◆ Exercise brief
Output nothing but the lines from the beginning of the listing below through the line containing "Ламели для вертикальных", exactly as they stand, without pictures.
BEGIN Available data
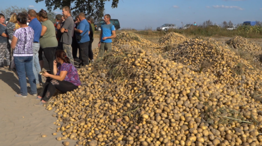 Директорка господарства «Ожидівські лани» Любов Когут, що орендує паї у селян, каже, вибирають картоплю у полі зовсім не її працівники, а справжні рейдери.
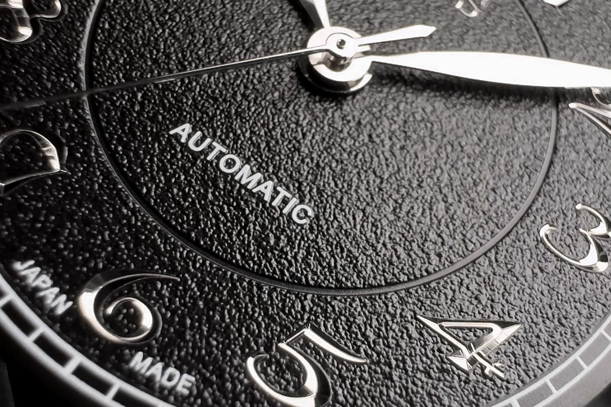 ◆ 特徴:時代を超える文字盤美、彫金インデックスが時を刻む日本製自動巻き腕時計
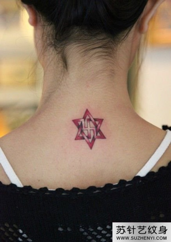 六角芒星后颈纹身_个性纹身图案大全_纹身图吧
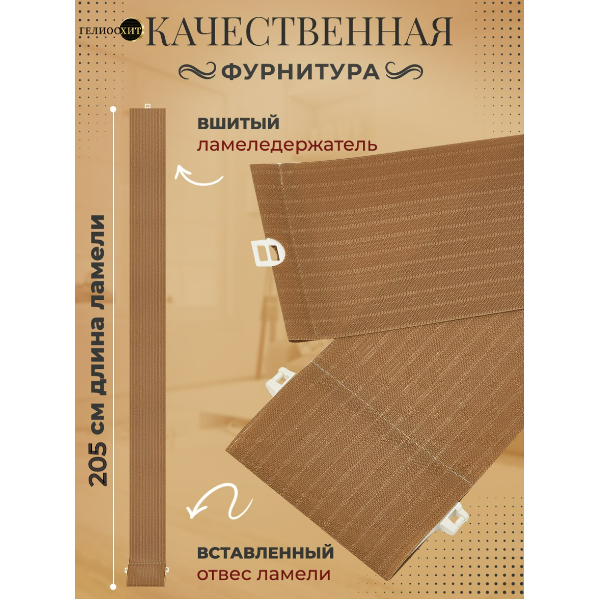 Ламели для вертикальных жалюзи 10 шт высотой 205 см темно-бежевого цвета, карниз приобретается отдельно, гелиосхит.
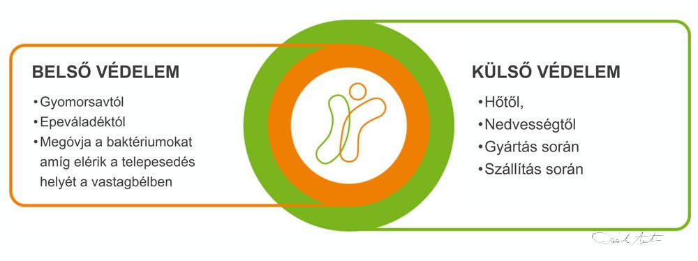 Ezek a baktériumok nagyon érzékenyek a környezeti hatásokra és semmit nem érnek amennyiben elpusztulnak. Ezért a termékben egy szabadalmaztatott bevonási eljárással dupla bevonatot hozunk létre, megvédve a gyártás során fellépő behatásoktól (első réteg) és a gyomorban található erős savaktól (második réteg) őket. Ezzel védjük meg a baktériumokat addig, amíg eljutnak a számukra biztonságot jelentő bélszakaszba.
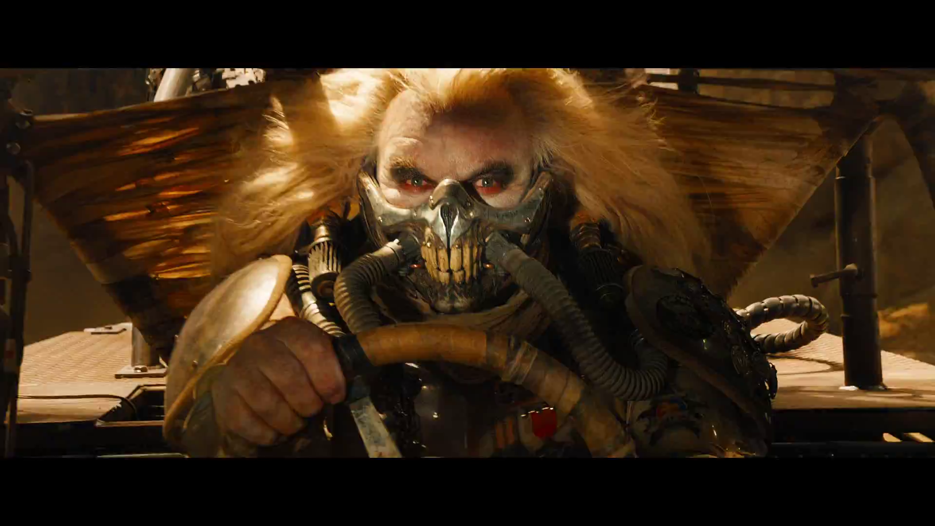 Description: A man with a mask and a large horned face holding a sword in his hand and a large bird in his mouth.
END Available data
◆ Answer to this problem
 Директорка господарства «Ожидівські лани» Любов Когут, що орендує паї у селян, каже, вибирають картоплю у полі зовсім не її працівники, а справжні рейдери.
 ◆ 特徴:時代を超える文字盤美、彫金インデックスが時を刻む日本製自動巻き腕時計
 六角芒星后颈纹身_个性纹身图案大全_纹身图吧
 Ламели для вертикальных жалюзи 10 шт высотой 205 см темно-бежевого цвета, карниз приобретается отдельно, гелиосхит.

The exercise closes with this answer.